On the growth and form of cortical convolutions

A 3D-printed fetal brain undergoes constrained expansion to reproduce the shape of the human cerebral cortex. The soft gels of the model swell in solvent, mimicking cortical growth and revealing the mechanical origin of the brain’s folded geometry. The rapid growth of the human cortex during development is accompanied by the folding of the brain into a highly convoluted structure1,2,3. Recent studies have focused on the genetic and cellular regulation of cortical growth4,5,6,7,8, but understanding the formation of the gyral and sulcal convolutions also requires consideration of the geometry and physical shaping of the growing brain9,10,11,12,13,14,15. To study this, we use magnetic resonance images to build a 3D-printed layered gel mimic of the developing smooth fetal brain; when immersed in a solvent, the outer layer swells relative to the core, mimicking cortical growth.
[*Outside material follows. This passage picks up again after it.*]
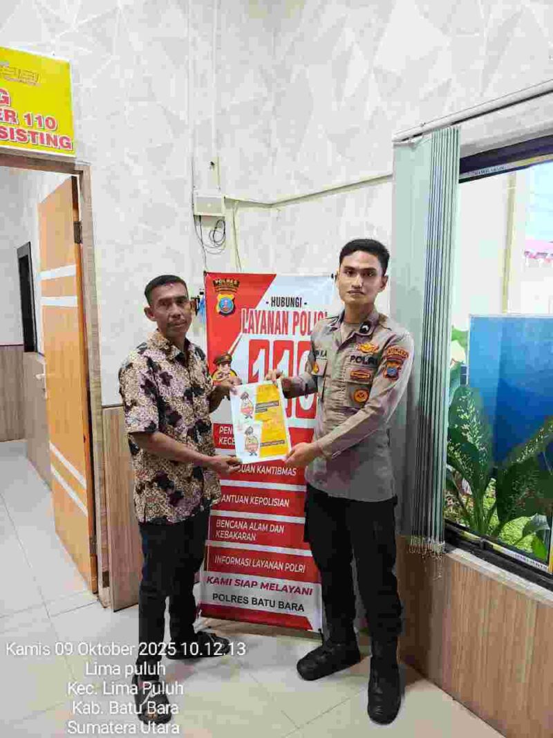 Batu Bara, 9 Oktober 2025 – Polres Batu Bara terus meningkatkan pelayanan kepada masyarakat melalui Call Center 110. Pada hari Kamis, 9 Oktober 2025, pelayanan Call Center 110 aktif melakukan sosialisasi dan menerima laporan dari masyarakat mulai pukul 08.00 WIB hingga selesai.

This relative growth puts the outer layer into mechanical compression and leads to sulci and gyri similar to those in fetal brains. Starting with the same initial geometry, we also build numerical simulations of the brain modelled as a soft tissue with a growing cortex, and show that this also produces the characteristic patterns of convolutions over a realistic developmental course. All together, our results show that although many molecular determinants control the tangential expansion of the cortex, the size, shape, placement and orientation of the folds arise through iterations and variations of an elementary mechanical instability modulated by early fetal brain geometry.